In new book, Cynthia Estlund compares 21st-century labor unrest in China to earlier labor organizing in US

Cynthia Estlund’s newest book, A New Deal for China’s Workers?, published in January, focuses on the rapidly evolving labor landscape for workers in the world’s second-largest national economy and the implications of those changes for the rest of the globe. Comparing the current state of Chinese labor to the United States’ labor-employer conflicts in the 20th century, Estlund considers whether Chinese workers are poised to make major breakthroughs in industrial relations and labor law. She also suggests that the Chinese government has responded with reforms rather than repression to nascent worker organizing in order to tamp down the potential rise of an independent labor movement. In a 2015 “Ideas from NYU Law” story, Estlund characterized the Chinese government’s reaction to labor conflicts as a vitally important test case: “We have a lot to learn from China about political and economic development in the modern world.”
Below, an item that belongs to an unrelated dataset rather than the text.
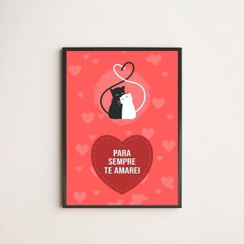 Quadro gatinhos para sempre te amarei 24x18cm Moldura: madeira preta Informações do produto tire todas as suas dúvidas no descritivo abaixo: decoração para quarto, sala, cozinha, escritório, área gourmet e muito mais. Chega de paredes vazias medidas - cada peça tem 24x18cm a5 . Material do papel - papel fotográfico brilhante de altíssima resolução acabamento - todos os quadros são acompanhados de uma película de acetato para proteção da imagem. - moldura em madeira maciça na cor branca e pendurador móvel que pode ser retirado facilmente caso deseje fixar com fita dupla face. - os quadros são embalados de forma segura com plástico bolha com camada dupla de acordo com o tamanho dos quadros. - de 3 meses prazo de envio pedimos 24 horas úteis no máximo para enviar seu pedido após o envio, segue os prazos normais dos correios, cerca de 7 exceto para norte e nordeste, que pode ser de até 14 . Em diversas cidades, este prazo normalmente é reduzido, mas depende do prazo dos correios. Meu quadro chegou. Como posso fixá-lo Você precisa apenas de um martelo e um prego, pois os quadros já vão acompanhados de penduradores. Esta é a forma mais indicada. Caso prefira, você pode utilizar uma fita dupla face neste caso, sugerimos de alta qualidade para evitar que descole e seu quadro caia . Como posso limpar meu quadro A limpeza é feita como um móvel comum da sua casa. Apenas um pano seco ou espanador são suficientes para tal Marca: Não Informado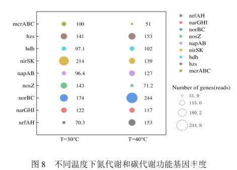 圖8不同溫度下氮代謝和碳代謝功能基因豐度

Estlund, Catherine A. Rein Professor of Law and a leading expert on labor and employment law and workplace governance, has made numerous recent appearances to discuss her latest scholarship. In September, she delivered the annual Stewart Lecture in Labor and Employment Law at Indiana University Maurer School of Law based on arguments made in her book. She then spoke in December at a meeting of the Labor Law Group in Los Angeles and at a roundtable hosted by the Council on Foreign Relations in New York City. In January, she gave an informal book talk in Beijing. Into the spring, Estlund will have several additional appearances: This month, she is giving lectures at the University of Hong Kong and the Chinese University of Hong Kong, and she will speak at the University of New South Wales in Sydney in March.